WHAT TO WORK ON
The answer must reproduce every record exactly, with all pictures omitted.

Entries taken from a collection
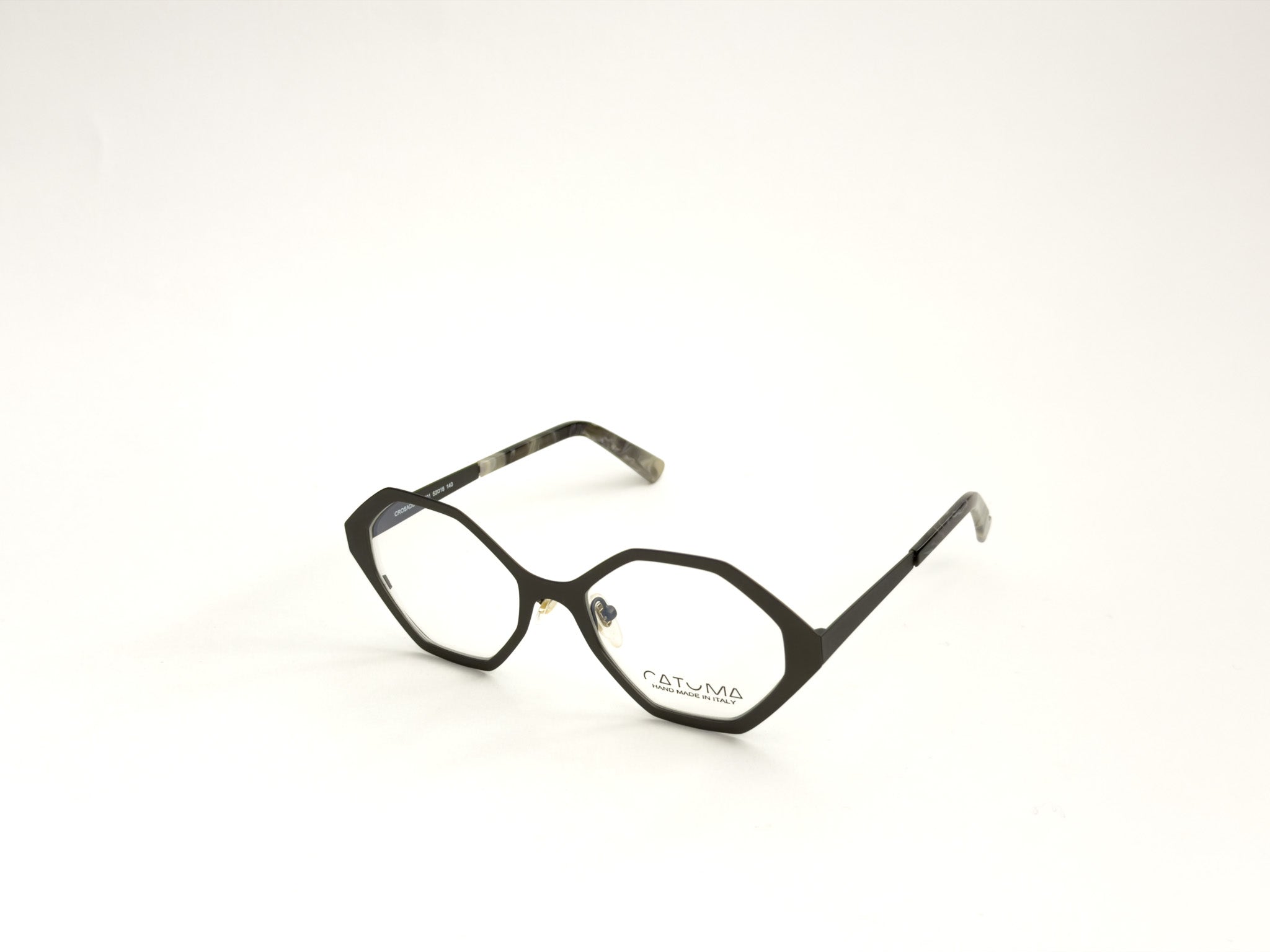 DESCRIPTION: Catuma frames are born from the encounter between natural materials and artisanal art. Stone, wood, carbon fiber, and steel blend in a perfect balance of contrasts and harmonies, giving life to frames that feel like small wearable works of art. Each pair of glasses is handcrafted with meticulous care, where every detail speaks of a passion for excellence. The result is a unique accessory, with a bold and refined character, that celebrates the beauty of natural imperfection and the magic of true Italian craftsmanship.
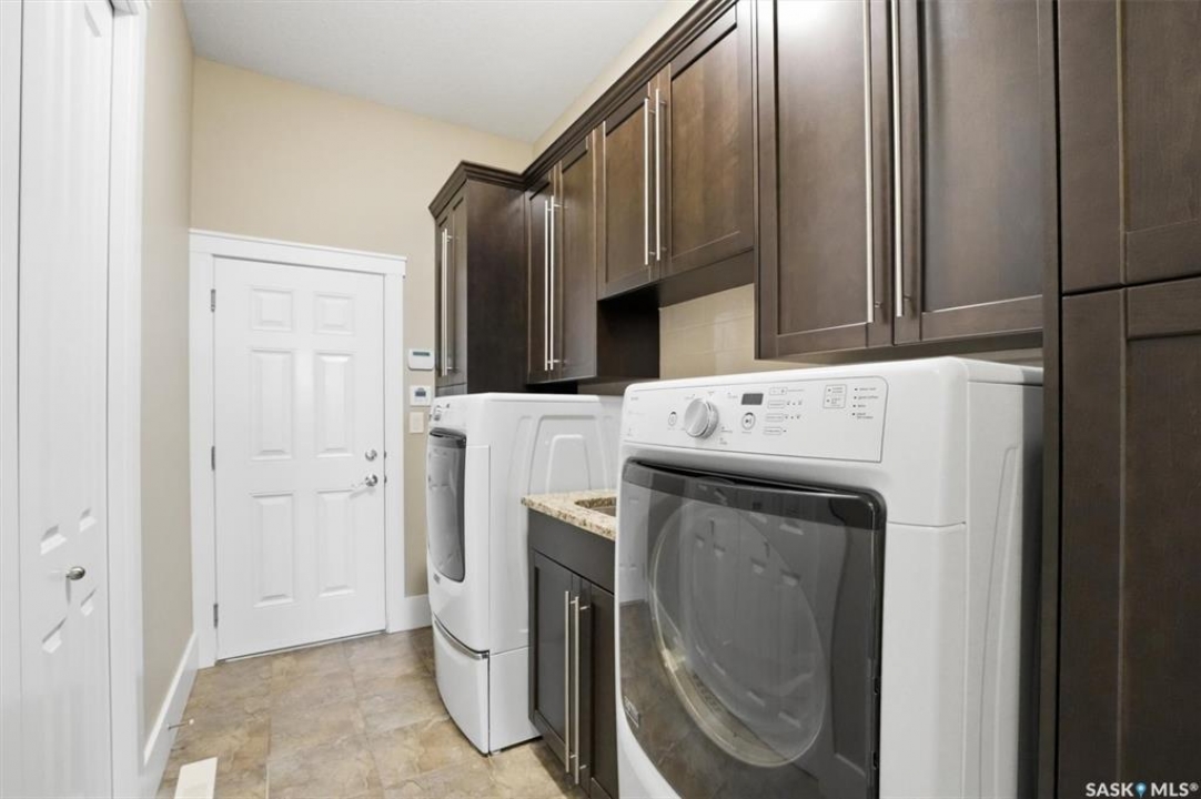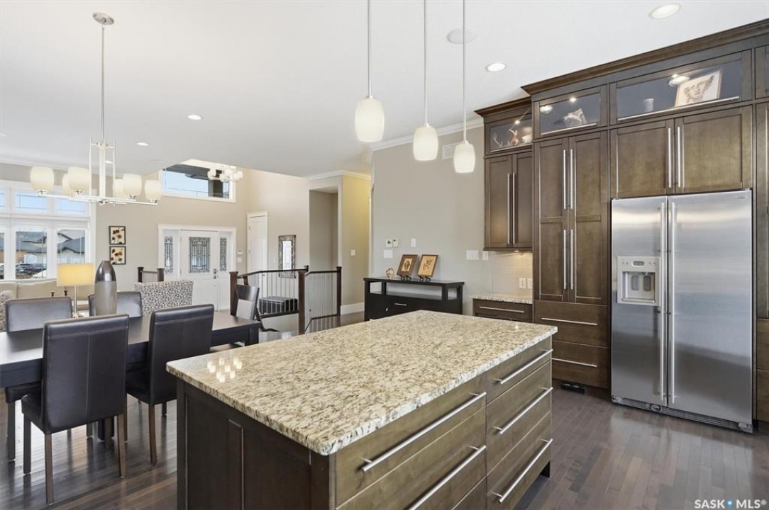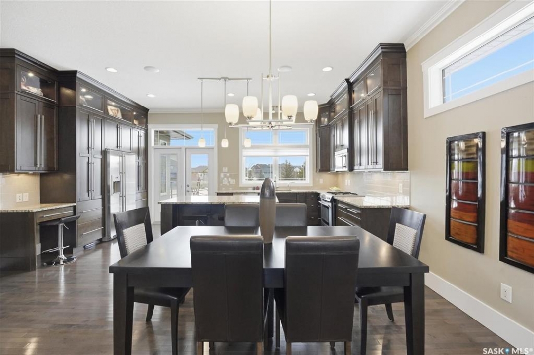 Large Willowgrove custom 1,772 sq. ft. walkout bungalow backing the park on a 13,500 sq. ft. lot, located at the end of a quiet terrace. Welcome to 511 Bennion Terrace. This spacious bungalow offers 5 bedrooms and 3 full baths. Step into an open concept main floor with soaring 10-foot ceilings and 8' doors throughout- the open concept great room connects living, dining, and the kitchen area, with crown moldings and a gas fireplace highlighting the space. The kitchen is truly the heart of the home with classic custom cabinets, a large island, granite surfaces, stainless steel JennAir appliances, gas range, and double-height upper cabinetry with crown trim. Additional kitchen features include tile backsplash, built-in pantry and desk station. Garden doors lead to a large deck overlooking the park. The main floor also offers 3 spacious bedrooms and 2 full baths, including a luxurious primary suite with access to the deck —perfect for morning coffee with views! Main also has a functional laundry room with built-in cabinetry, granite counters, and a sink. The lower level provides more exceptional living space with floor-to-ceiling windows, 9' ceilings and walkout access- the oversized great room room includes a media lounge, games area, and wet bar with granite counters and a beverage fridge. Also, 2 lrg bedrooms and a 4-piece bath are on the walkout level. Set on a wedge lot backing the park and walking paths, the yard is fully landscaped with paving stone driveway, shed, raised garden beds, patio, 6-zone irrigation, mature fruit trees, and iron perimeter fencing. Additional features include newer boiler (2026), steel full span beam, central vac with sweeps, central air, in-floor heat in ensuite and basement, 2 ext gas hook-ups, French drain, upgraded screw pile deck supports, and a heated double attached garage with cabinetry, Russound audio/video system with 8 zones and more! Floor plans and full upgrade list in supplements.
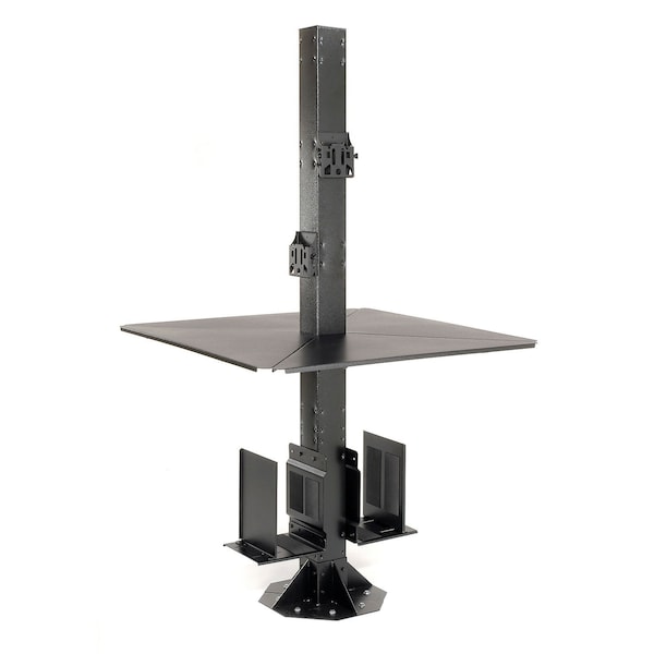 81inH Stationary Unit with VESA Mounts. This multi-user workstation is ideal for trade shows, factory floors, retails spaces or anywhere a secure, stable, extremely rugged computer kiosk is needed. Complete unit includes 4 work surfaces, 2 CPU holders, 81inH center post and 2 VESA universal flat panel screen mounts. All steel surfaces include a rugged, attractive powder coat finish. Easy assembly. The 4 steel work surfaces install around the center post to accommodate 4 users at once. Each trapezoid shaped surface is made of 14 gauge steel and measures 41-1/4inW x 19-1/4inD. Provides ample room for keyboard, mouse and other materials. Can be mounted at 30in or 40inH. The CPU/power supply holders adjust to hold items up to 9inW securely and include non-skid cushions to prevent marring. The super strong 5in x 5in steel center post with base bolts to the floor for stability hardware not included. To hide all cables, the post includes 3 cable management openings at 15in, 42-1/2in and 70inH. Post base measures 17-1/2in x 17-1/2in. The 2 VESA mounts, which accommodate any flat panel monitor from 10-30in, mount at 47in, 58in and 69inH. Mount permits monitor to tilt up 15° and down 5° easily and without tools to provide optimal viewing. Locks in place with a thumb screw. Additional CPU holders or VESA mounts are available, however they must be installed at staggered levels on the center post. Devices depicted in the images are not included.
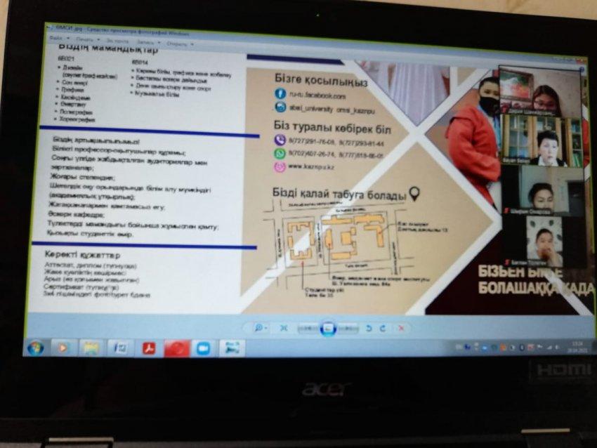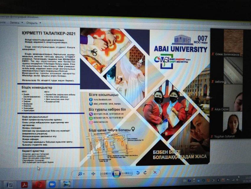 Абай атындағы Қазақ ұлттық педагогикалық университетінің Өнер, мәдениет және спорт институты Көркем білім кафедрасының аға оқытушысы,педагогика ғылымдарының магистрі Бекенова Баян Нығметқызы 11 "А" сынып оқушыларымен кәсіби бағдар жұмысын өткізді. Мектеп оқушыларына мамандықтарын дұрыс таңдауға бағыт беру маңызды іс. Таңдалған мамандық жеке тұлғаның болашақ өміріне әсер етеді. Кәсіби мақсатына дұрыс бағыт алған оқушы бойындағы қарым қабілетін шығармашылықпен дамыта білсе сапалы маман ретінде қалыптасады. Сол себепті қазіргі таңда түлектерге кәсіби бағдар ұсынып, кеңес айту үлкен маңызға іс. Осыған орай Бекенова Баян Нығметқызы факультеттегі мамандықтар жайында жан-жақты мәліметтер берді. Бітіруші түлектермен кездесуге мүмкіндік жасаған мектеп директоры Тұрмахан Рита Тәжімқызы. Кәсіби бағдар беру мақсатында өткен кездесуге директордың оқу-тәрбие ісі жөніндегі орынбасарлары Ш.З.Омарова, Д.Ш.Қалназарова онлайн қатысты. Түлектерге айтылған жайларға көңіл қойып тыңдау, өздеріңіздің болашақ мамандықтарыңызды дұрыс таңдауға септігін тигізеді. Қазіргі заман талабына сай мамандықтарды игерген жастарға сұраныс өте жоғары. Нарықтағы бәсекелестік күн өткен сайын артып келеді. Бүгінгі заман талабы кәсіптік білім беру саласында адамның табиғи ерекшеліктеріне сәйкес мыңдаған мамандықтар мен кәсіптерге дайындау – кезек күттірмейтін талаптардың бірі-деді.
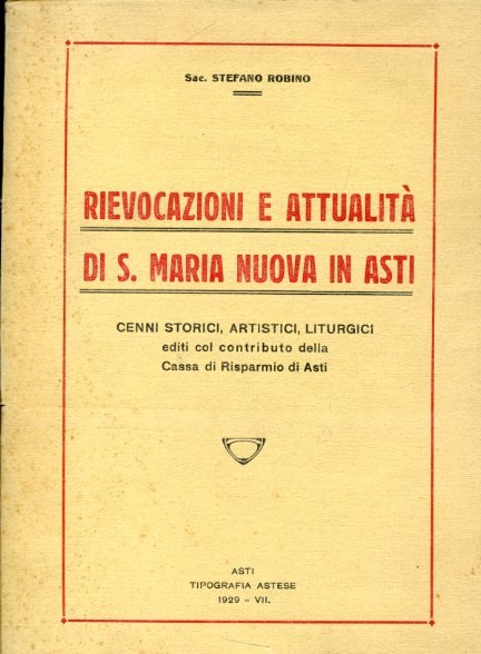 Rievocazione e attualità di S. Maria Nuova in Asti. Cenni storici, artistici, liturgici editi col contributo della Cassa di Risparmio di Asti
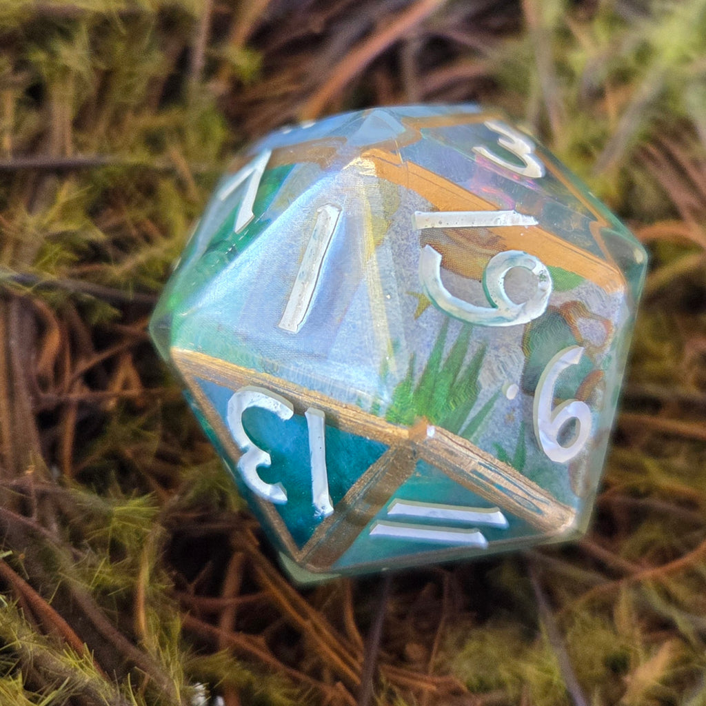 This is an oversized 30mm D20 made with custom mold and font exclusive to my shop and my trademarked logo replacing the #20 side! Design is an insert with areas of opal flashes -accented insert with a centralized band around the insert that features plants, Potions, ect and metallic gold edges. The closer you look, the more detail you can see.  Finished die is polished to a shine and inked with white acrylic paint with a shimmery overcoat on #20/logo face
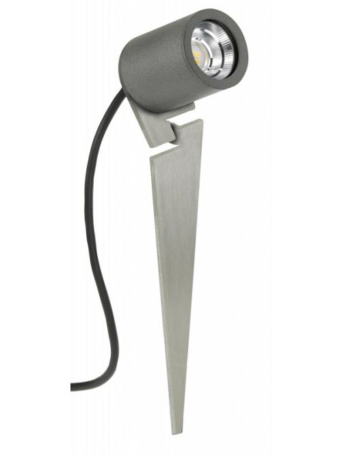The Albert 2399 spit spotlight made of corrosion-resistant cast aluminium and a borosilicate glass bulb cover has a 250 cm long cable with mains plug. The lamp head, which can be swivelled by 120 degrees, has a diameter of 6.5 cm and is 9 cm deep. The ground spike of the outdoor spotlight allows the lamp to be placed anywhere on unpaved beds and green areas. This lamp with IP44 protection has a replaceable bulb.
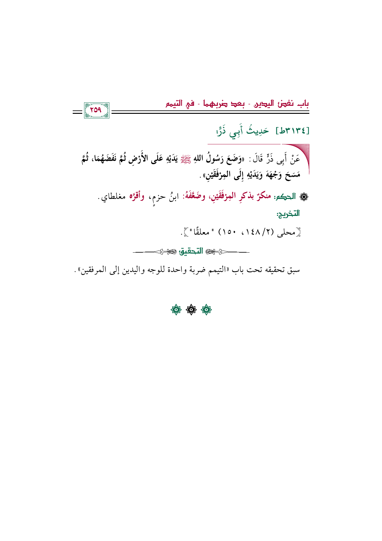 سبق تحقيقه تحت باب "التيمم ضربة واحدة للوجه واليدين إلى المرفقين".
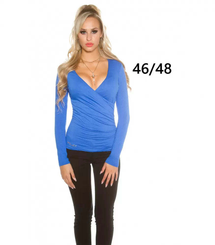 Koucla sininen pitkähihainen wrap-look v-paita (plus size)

WRITTEN RESPONSE
 DESCRIPTION: Catuma frames are born from the encounter between natural materials and artisanal art. Stone, wood, carbon fiber, and steel blend in a perfect balance of contrasts and harmonies, giving life to frames that feel like small wearable works of art. Each pair of glasses is handcrafted with meticulous care, where every detail speaks of a passion for excellence. The result is a unique accessory, with a bold and refined character, that celebrates the beauty of natural imperfection and the magic of true Italian craftsmanship.
 Large Willowgrove custom 1,772 sq. ft. walkout bungalow backing the park on a 13,500 sq. ft. lot, located at the end of a quiet terrace. Welcome to 511 Bennion Terrace. This spacious bungalow offers 5 bedrooms and 3 full baths. Step into an open concept main floor with soaring 10-foot ceilings and 8' doors throughout- the open concept great room connects living, dining, and the kitchen area, with crown moldings and a gas fireplace highlighting the space. The kitchen is truly the heart of the home with classic custom cabinets, a large island, granite surfaces, stainless steel JennAir appliances, gas range, and double-height upper cabinetry with crown trim. Additional kitchen features include tile backsplash, built-in pantry and desk station. Garden doors lead to a large deck overlooking the park. The main floor also offers 3 spacious bedrooms and 2 full baths, including a luxurious primary suite with access to the deck —perfect for morning coffee with views! Main also has a functional laundry room with built-in cabinetry, granite counters, and a sink. The lower level provides more exceptional living space with floor-to-ceiling windows, 9' ceilings and walkout access- the oversized great room room includes a media lounge, games area, and wet bar with granite counters and a beverage fridge. Also, 2 lrg bedrooms and a 4-piece bath are on the walkout level. Set on a wedge lot backing the park and walking paths, the yard is fully landscaped with paving stone driveway, shed, raised garden beds, patio, 6-zone irrigation, mature fruit trees, and iron perimeter fencing. Additional features include newer boiler (2026), steel full span beam, central vac with sweeps, central air, in-floor heat in ensuite and basement, 2 ext gas hook-ups, French drain, upgraded screw pile deck supports, and a heated double attached garage with cabinetry, Russound audio/video system with 8 zones and more! Floor plans and full upgrade list in supplements.
 81inH Stationary Unit with VESA Mounts. This multi-user workstation is ideal for trade shows, factory floors, retails spaces or anywhere a secure, stable, extremely rugged computer kiosk is needed. Complete unit includes 4 work surfaces, 2 CPU holders, 81inH center post and 2 VESA universal flat panel screen mounts. All steel surfaces include a rugged, attractive powder coat finish. Easy assembly. The 4 steel work surfaces install around the center post to accommodate 4 users at once. Each trapezoid shaped surface is made of 14 gauge steel and measures 41-1/4inW x 19-1/4inD. Provides ample room for keyboard, mouse and other materials. Can be mounted at 30in or 40inH. The CPU/power supply holders adjust to hold items up to 9inW securely and include non-skid cushions to prevent marring. The super strong 5in x 5in steel center post with base bolts to the floor for stability hardware not included. To hide all cables, the post includes 3 cable management openings at 15in, 42-1/2in and 70inH. Post base measures 17-1/2in x 17-1/2in. The 2 VESA mounts, which accommodate any flat panel monitor from 10-30in, mount at 47in, 58in and 69inH. Mount permits monitor to tilt up 15° and down 5° easily and without tools to provide optimal viewing. Locks in place with a thumb screw. Additional CPU holders or VESA mounts are available, however they must be installed at staggered levels on the center post. Devices depicted in the images are not included.
 Абай атындағы Қазақ ұлттық педагогикалық университетінің Өнер, мәдениет және спорт институты Көркем білім кафедрасының аға оқытушысы,педагогика ғылымдарының магистрі Бекенова Баян Нығметқызы 11 "А" сынып оқушыларымен кәсіби бағдар жұмысын өткізді. Мектеп оқушыларына мамандықтарын дұрыс таңдауға бағыт беру маңызды іс. Таңдалған мамандық жеке тұлғаның болашақ өміріне әсер етеді. Кәсіби мақсатына дұрыс бағыт алған оқушы бойындағы қарым қабілетін шығармашылықпен дамыта білсе сапалы маман ретінде қалыптасады. Сол себепті қазіргі таңда түлектерге кәсіби бағдар ұсынып, кеңес айту үлкен маңызға іс. Осыған орай Бекенова Баян Нығметқызы факультеттегі мамандықтар жайында жан-жақты мәліметтер берді. Бітіруші түлектермен кездесуге мүмкіндік жасаған мектеп директоры Тұрмахан Рита Тәжімқызы. Кәсіби бағдар беру мақсатында өткен кездесуге директордың оқу-тәрбие ісі жөніндегі орынбасарлары Ш.З.Омарова, Д.Ш.Қалназарова онлайн қатысты. Түлектерге айтылған жайларға көңіл қойып тыңдау, өздеріңіздің болашақ мамандықтарыңызды дұрыс таңдауға септігін тигізеді. Қазіргі заман талабына сай мамандықтарды игерген жастарға сұраныс өте жоғары. Нарықтағы бәсекелестік күн өткен сайын артып келеді. Бүгінгі заман талабы кәсіптік білім беру саласында адамның табиғи ерекшеліктеріне сәйкес мыңдаған мамандықтар мен кәсіптерге дайындау – кезек күттірмейтін талаптардың бірі-деді.
 Rievocazione e attualità di S. Maria Nuova in Asti. Cenni storici, artistici, liturgici editi col contributo della Cassa di Risparmio di Asti
 This is an oversized 30mm D20 made with custom mold and font exclusive to my shop and my trademarked logo replacing the #20 side! Design is an insert with areas of opal flashes -accented insert with a centralized band around the insert that features plants, Potions, ect and metallic gold edges. The closer you look, the more detail you can see.  Finished die is polished to a shine and inked with white acrylic paint with a shimmery overcoat on #20/logo face
The Albert 2399 spit spotlight made of corrosion-resistant cast aluminium and a borosilicate glass bulb cover has a 250 cm long cable with mains plug. The lamp head, which can be swivelled by 120 degrees, has a diameter of 6.5 cm and is 9 cm deep. The ground spike of the outdoor spotlight allows the lamp to be placed anywhere on unpaved beds and green areas. This lamp with IP44 protection has a replaceable bulb.
 سبق تحقيقه تحت باب "التيمم ضربة واحدة للوجه واليدين إلى المرفقين".
 Koucla sininen pitkähihainen wrap-look v-paita (plus size)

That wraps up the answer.